- What this task involves:
From the line that holds "[아트누리] 2025년 전라남도청 갤러리 대관 공모" down to the last line of the listing below, reproduce each line exactly and nothing more, omitting pictures.

- Collected material:
——
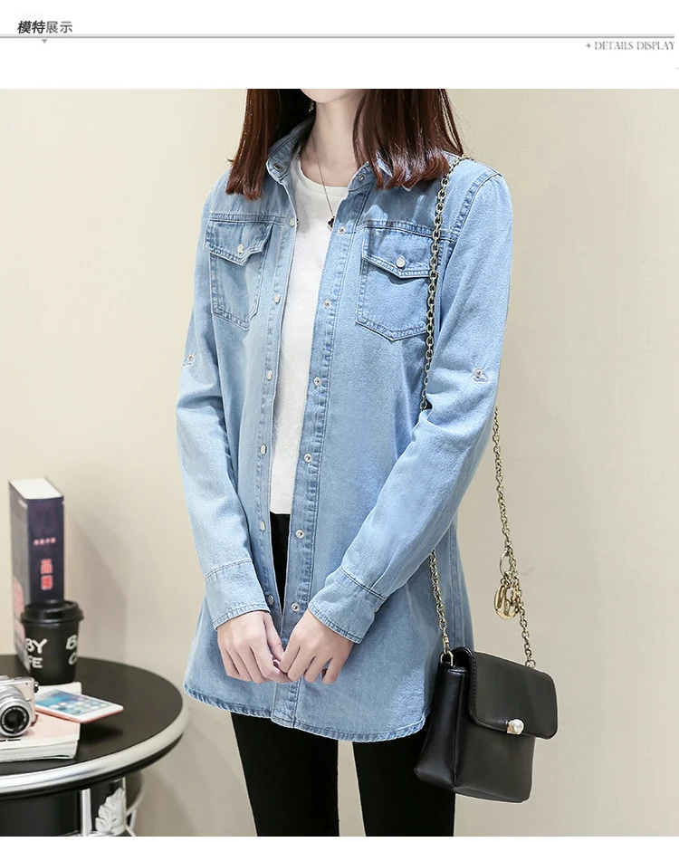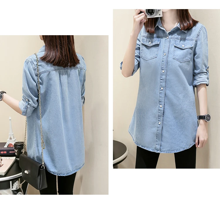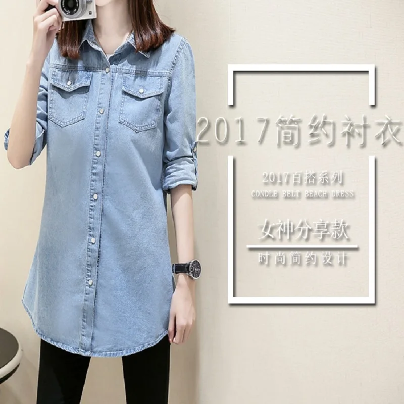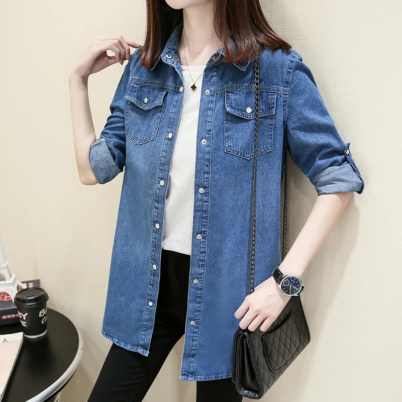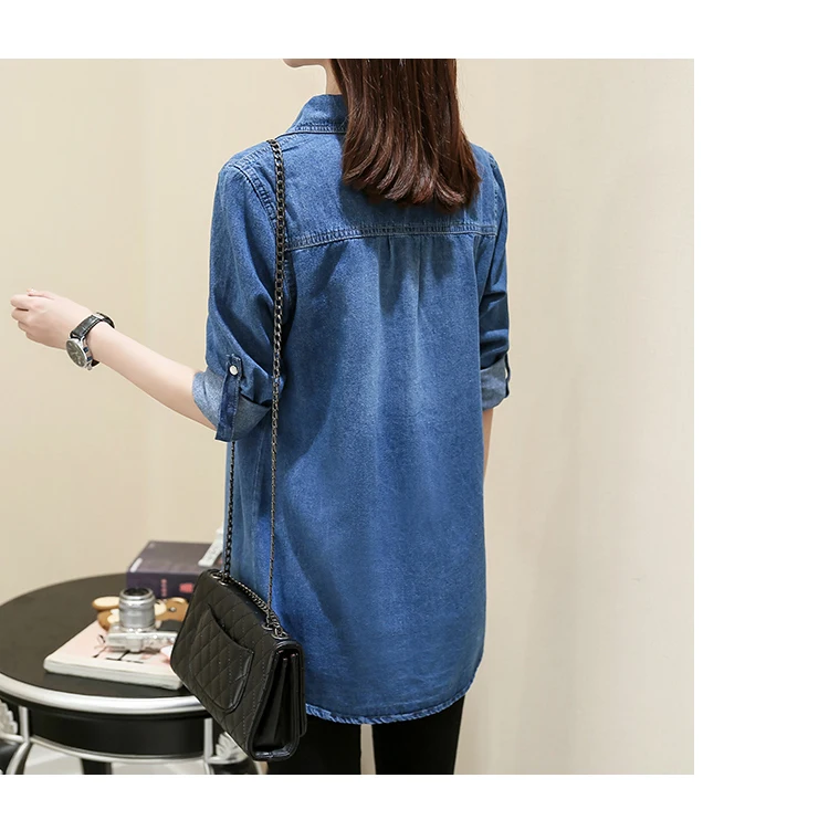 Женская джинсовая рубашка размера плюс, модная Осенняя длинная руба...
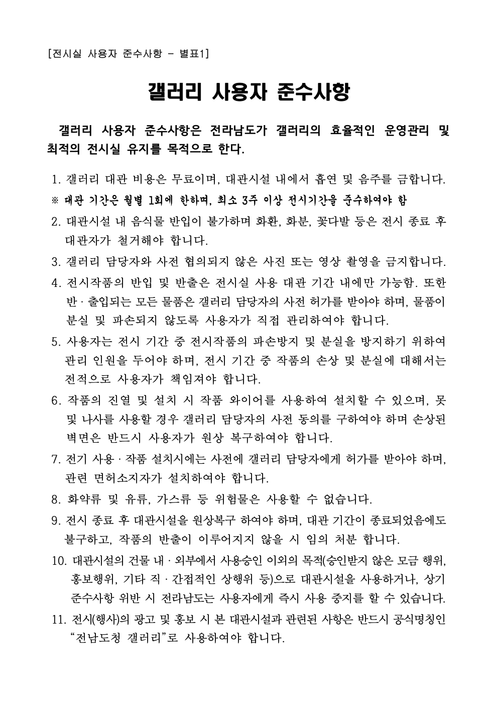[아트누리] 2025년 전라남도청 갤러리 대관 공모
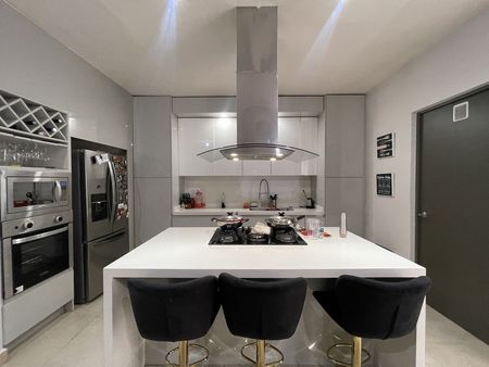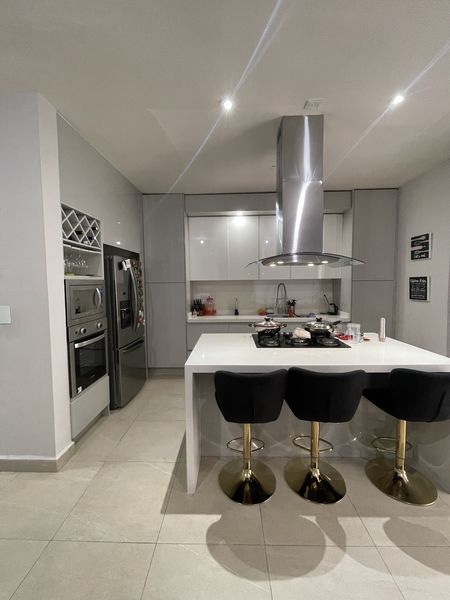 4 Minisplits, Persianas nuevas, Cocina equipada con cubierta de cuarzo, campana, parrilla, Portón eléctrico, piso cerámico en patio, Espejos en baños.
——
- Answer area:
[아트누리] 2025년 전라남도청 갤러리 대관 공모
 4 Minisplits, Persianas nuevas, Cocina equipada con cubierta de cuarzo, campana, parrilla, Portón eléctrico, piso cerámico en patio, Espejos en baños.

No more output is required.